» **Task directions**
Please work out how many lines include the word "durable" in the entries, and reply with only the count.

--- START ---

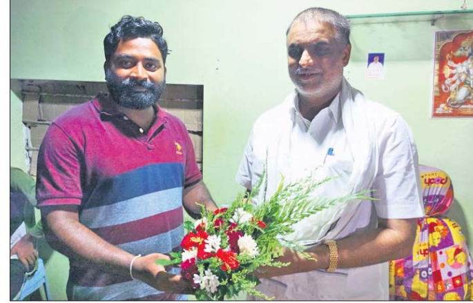
ପ୍ରଭାସକର ମହାପାତ୍ରଙ୍କୁ ସମର୍ଥନ ଦିଆଯାଇଛି।

ମାଲ ବାଘକୁ ପ୍ରବେଶ କରିବାକୁ ଦେଇ ନ ଥାଏ। ଛୁଆ ବଡ଼ ହୋଇ ଆମ୍ବରକାଳ କୌଶଳ ଓ ଶିକାର ଶିଖିବା ପର୍ଯ୍ୟନ୍ତ ବାଘୁଣୀଟି ପୁନର୍ବାର ମା' ହେବାକୁ ଲଢ଼ିଆ କରି ନ ଥାଏ। ୨/୪ ବର୍ଷରେ ଥରେ ବାଘୁଣୀ ଛୁଆ ଜନ୍ମ କରିଥାଏ। ଏକ ବର୍ଷ ଛୁଆମାନଙ୍କୁ ସାଥୀରେ ଧରି ସୁରକ୍ଷା ଯୋଗାଇ ଆସିଥାଏ। କୌଣସି ଛୁଆ ଦୁର୍ବଳ ହୋଇଥିଲେ ବାଘୁଣୀ ତାହାକୁ ଅଣଦେଖା କରିଥାଏ। ଗୋଟିଏ ଛୁଆ ପାଇଁ ଅନ୍ୟ ଛୁଆଙ୍କର ଯେମିତି ମୃତ୍ୟୁ ନ ହେଉ ସେଥିପାଇଁ ଗୋଠଛଡ଼ା କରିଦେଇଥାଏ। ୩ ମାସ ପର୍ଯ୍ୟନ୍ତ ବାଘ ଛୁଆ ମା' କ୍ଷୀର ଖାଇ ବଢ଼ିବା ପରେ ମା' ସାଙ୍ଗା ହୋଇଯାନ୍ତି।
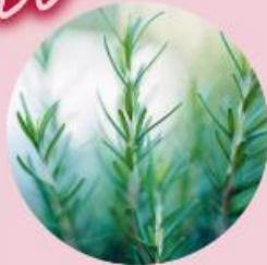
ローズマリー エキス
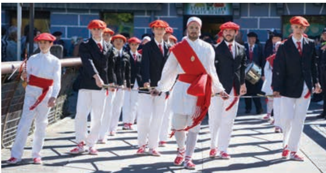
Urki dantza taldeko kideak, Santa Krutz eguneko ezpata-dantzan. AIURRI
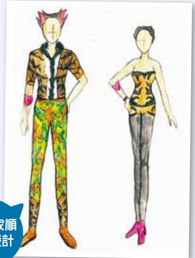
2B 梁家順 時裝設計
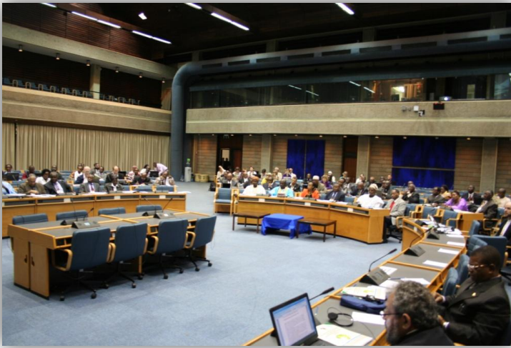
Participants de la conférence Panafricaine sous le thème justice climatique et la paix durable en Afrique, pendant un des sessions

En cet âge de la dégradation environnementale, la Conférence des Eglises de Toute l'Afrique (CETA), le Programme des Relations Islamo-Chrétiennes en Afrique (PRICA) et l'Institut Environnemental des Communautés de Foi de l'Afrique Australe (SAFCEI), ont organisé une conférence panafricaine des responsables religieux sur le changement climatique. La conférence dont le thème était 'Climat Justice et Paix durable en Afrique' a déploré l'exploitation rampante des ressources de la terre pour des profits. Ils se sont demandés
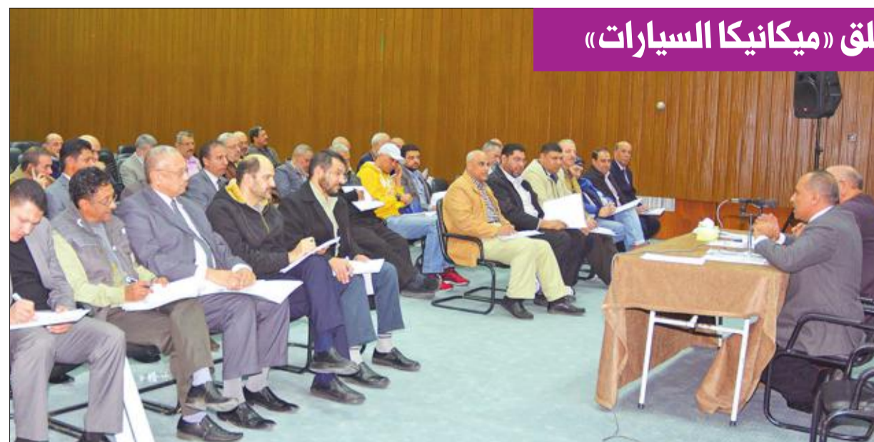
المعلمون خلال اللقاء التثقيفي

--- END ---

» **Problem solution**
2